:: TASK TO COMPLETE ::
Repeat exactly the lines that begin at the one containing "The lesions are" and end at the final line of the records; include no pictures and nothing else.

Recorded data
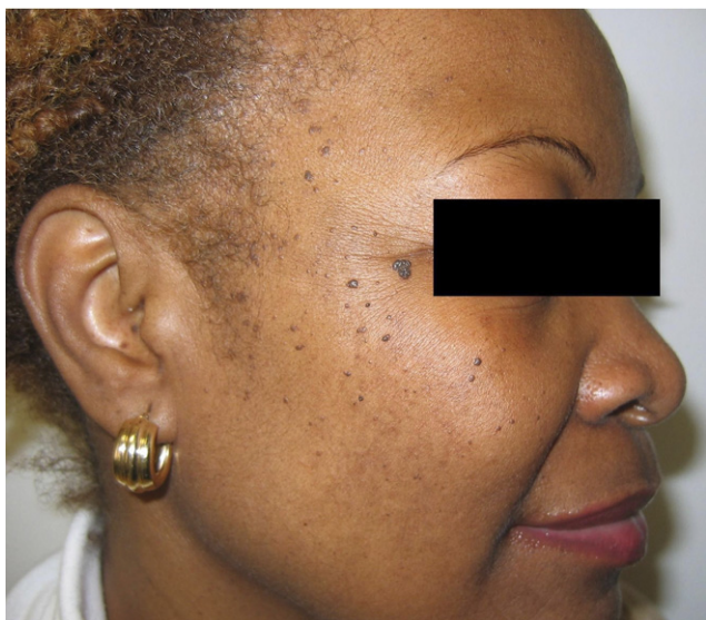
Figure 3 Dermatitis papulosa nigra in a 52-year-old African-American woman.

The lesions are characterized by multiple hyperpigmented (dark brown to black) smooth papules measuring 1-5 mm in size. They typically occur symmetrically on the face, favoring the malar eminences, and may also involve the neck, chest, and upper back (Fig. 3). Although the etiology is not known, a genetic predisposition is thought to be a key factor. A positive family history is often found. However, because DPN tend to be distributed in sun-exposed areas, some authors have suggested that sun may play a role in the etiology—a hypothesis that has also been reported for seborrheic keratoses in some populations. 52,53 Niang et al 54 further comment on this hypothesis in a Senegalese study. In addition to observance of a prominence of lesions present in sun-exposed
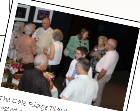
The Oak Ridge Playhouse hosted a Business After Hours at the newly-renovated theater in August.
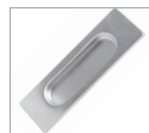
Rectangle Flush Pull (125/S) satin, also available in chrome
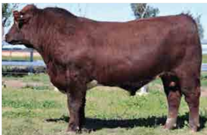
The Grove Blotched Q0595

:: SOLUTION ::
The lesions are characterized by multiple hyperpigmented (dark brown to black) smooth papules measuring 1-5 mm in size. They typically occur symmetrically on the face, favoring the malar eminences, and may also involve the neck, chest, and upper back (Fig. 3). Although the etiology is not known, a genetic predisposition is thought to be a key factor. A positive family history is often found. However, because DPN tend to be distributed in sun-exposed areas, some authors have suggested that sun may play a role in the etiology—a hypothesis that has also been reported for seborrheic keratoses in some populations. 52,53 Niang et al 54 further comment on this hypothesis in a Senegalese study. In addition to observance of a prominence of lesions present in sun-exposed
The Oak Ridge Playhouse hosted a Business After Hours at the newly-renovated theater in August.
Rectangle Flush Pull (125/S) satin, also available in chrome
The Grove Blotched Q0595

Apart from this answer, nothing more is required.